# Process CSV Signals

This is a demo notebook showing how to use the `lstm_dynamic_threshold.json` pipeline to analyze a collection of signal CSV files and later on retrieve the list of Events found.

## 1. Create an OrionExlorer Instance

The first step is to import the `OrionExplorer` and create an instance.

In this case, we will provide no arguments, since we want to connect to the default database, named `orion`, at localhost.

In [1]:
from orion.explorer import OrionExplorer

In [2]:
explorer = OrionExplorer()
explorer.drop_database()  # in case name signals already exist

## 2. Add the pipeline that we will be using

The second step is to register the pipeline that we are going to use.

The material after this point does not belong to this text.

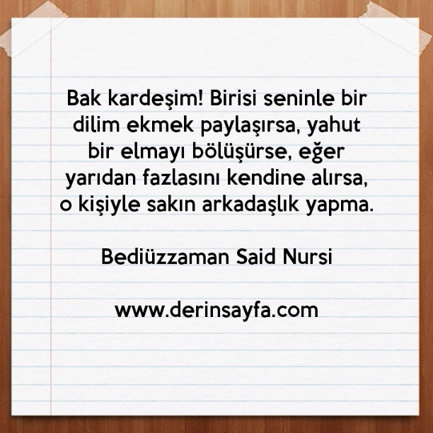 Bak kardeşim! Birisi seninle bir dilim ekmek paylaşırsa, yahut bir elmayı bölüşürse, eğer yarıdan fazlasını kendine alırsa, o kişiyle sakın

For this, we will enter the path to the `lstm_dynamic_threshold` json.

In [4]:
pipeline = explorer.add_pipeline(
    'lstm_dynamic_threshold',
    '../orion/pipelines/lstm_dynamic_threshold.json'
)

Afterwards, we can obtain the list of pipelines to see if it has been properly registered

In [5]:
explorer.get_pipelines()

Unnamed: 0,pipeline_id,insert_time,mlpipeline,name
0,5c9bbf556c1cea7f0a5e6a34,2019-03-27 18:22:13.097,{'primitives': ['mlprimitives.custom.timeserie...,lstm_dynamic_threshold


## 3. Get the list of CSV files

In this example we will use the `os` module to find the list of CSV files that exist inside the directory
`data` that we have created inside this `notebooks` folder.

Another way to do it would be to provide an explicit list of filenames

In [6]:
import os

CSVS_FOLDER = './data'

csvs = os.listdir(CSVS_FOLDER)
csvs

['S-1.csv', 'S-2.csv', 'P-1.csv', 'E-1.csv']

## 3. Register the new datasets

We will execute a loop in which, for each CSV file, we will register a new Dataset in the Database.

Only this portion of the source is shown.